Hutchinson's activity in the cause of scientific surgery and in advancing the study of the natural sciences was unwearying. He published more than 1,200 medical articles and also produced the quarterly Archives of Surgery from 1890 to 1900, being its only contributor. His lectures on neuropathogenesis, gout, leprosy, diseases of the tongue, etc., were full of original observation; but his principal work was connected with the study of syphilis, on which he became the first living authority. He was the first to describe his triad of medical signs for congenital syphilis: notched incisor teeth, labyrinthine deafness, and interstitial keratitis, which was very useful for providing a firm diagnosis long before Treponema pallidum or the Wassermann test were discovered. By contrast, his insistence that leprosy was caused by eating decaying fish was incorrect.

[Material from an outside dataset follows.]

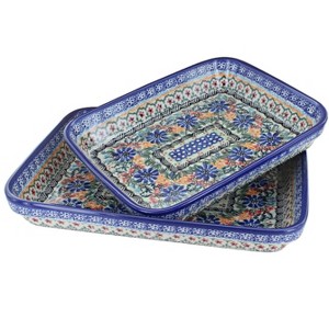 Expand your kitchen collection with this versatile Rectangular Baker Set, perfect for everything from everyday dinners to holiday gatherings. The set includes two essential sizes: the small rectangular baker (10.25" long x 8.12" wide x 1.75" high; 1.5" deep) and the medium rectangular baker (12" long x 9.25" wide x 1.88" high; 1.5" deep) , giving you flexibility for a wide variety of recipes. Use the small baker for side dishes, small casseroles, roasted vegetables, or desserts, while the larger size is ideal for baked pasta or family-sized meals. Each baker is handmade and hand-painted in Poland, decorated with vibrant, traditional patterns that make every piece a unique work of art. Crafted from durable, high-fired stoneware, these bakers are praised for their even baking, excellent heat retention, and easy cleanup, ensuring they?ll be kitchen favorites for years to come. Safe for the oven, microwave, dishwasher, and freezer, they combine heirloom-quality craftsmanship with modern convenience. Whether cooking for two or hosting a crowd, this baker set delivers beauty, function, and lasting quality straight from oven to table.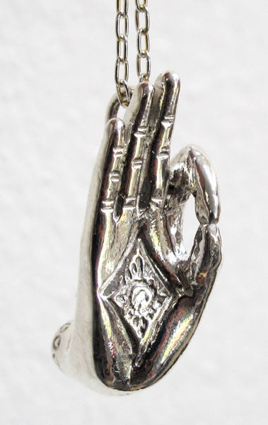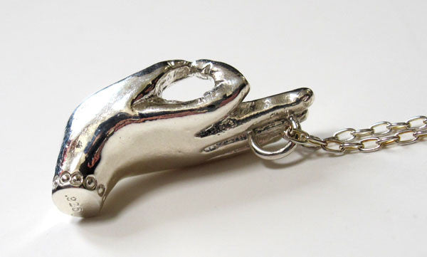 This pendant is hand cast in solid sterling silver standing about 1" tall.

He was the founder of the Medical Graduates’ College and Polyclinic; and both in his native town of Selby and at Haslemere, Surrey, he started (about 1890) educational museums for popular instruction in natural history. He published several volumes on his subjects and was given an Hon. LL.D degree by both the University of Glasgow and University of Cambridge. He received a knighthood in 1908.

Hutchinson has his name attached to these entities in medicine:

- Hutchinson's angina
- Hutchinson's sign
- Hutchinson's dehidrosis
- Hutchinson's disease or senile degeneration of the choroid
- Hutchinson's facies
- Hutchinson's melanotic freckle (was previously considered a precancerous spot occurring in old age, now known as melanoma in situ, lentigo maligna type)
- Hutchinson's mask
- Hutchinson's melanotic disease
- Hutchinson's patch (a corneal sign attached to syphilitic keratitis)
- Hutchinson's prurigo
- Hutchinson's pupil
- Hutchinson's teeth (seen in congenital syphilis)
- Hutchinson's triad
- Hutchinson–Gilford progeria syndrome

==Personal life==
Hutchinson married Jane Pynsent West in 1856 and they had six sons and four daughters. His son Jonathan (1859–1933) became an ophthalmic surgeon and was elected F.R.C.S. in 1884. He founded Haslemere Educational Museum in 1888. The teacher, writer, and naturalist Margaret Hutchinson was his granddaughter. Hutchinson died on 23 June 1913, in Haslemere, Surrey.